Хотя Эрмитаж как музей не работал, его
сотрудники продолжали научную деятельность и даже проводили лекции по
искусствоведению.
Для защиты от воздушных налетов и обстрелов в
Эрмитаже были сформированы подразделения гражданской обороны, а в надежных
подвалах зданий оборудовали 12 бомбоубежищ, в которых до начала 1942 г.

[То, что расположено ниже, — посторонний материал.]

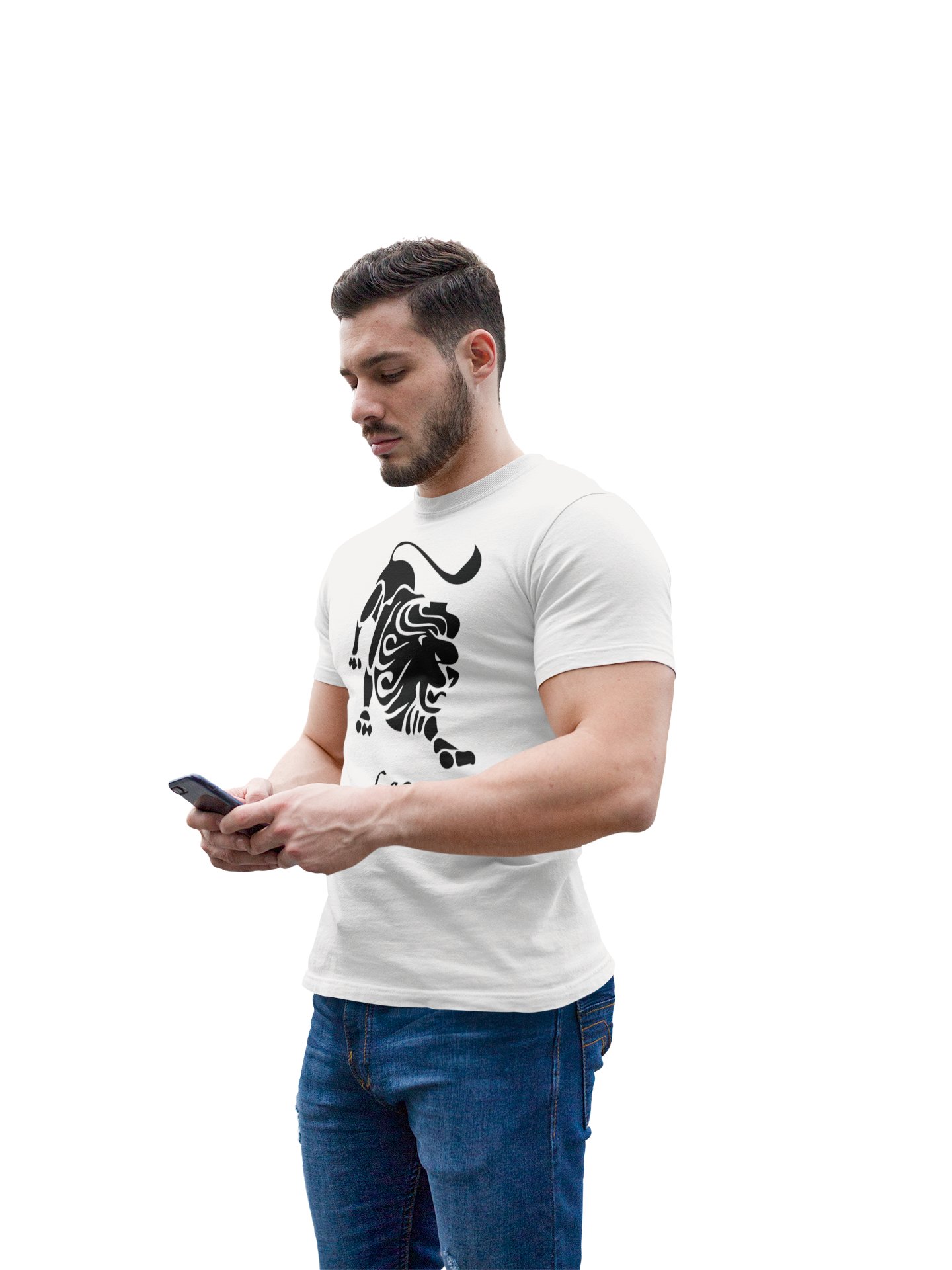 Leo (BG Black) (White T) - Printed Zodiac Sign Tshirts - Made especially for astrology lovers people

постоянно жили около двух тысяч человек. И хотя Эрмитаж как музей не работал,
его сотрудники продолжали вести научную деятельность и даже устраивать лекции
по искусствоведению.
В первые списки кандидатов на награждение
медалью «За оборону Ленинграда» было включено около ста тысяч человек. Медаль
вручалась всем, кто героически защищал город, независимо от социального
положения, возраста и рода деятельности. Среди награждённых было 15 тысяч несовершеннолетних
жителей блокадного Ленинграда.
За массовый
героизм, отвагу и мужество, проявленные в борьбе с фашистскими захватчиками во
время Великой Отечественной войны 1941–1945 годов защитниками блокадного
Ленинграда, городу была присвоена высшая степень отличия – звание «Город-герой»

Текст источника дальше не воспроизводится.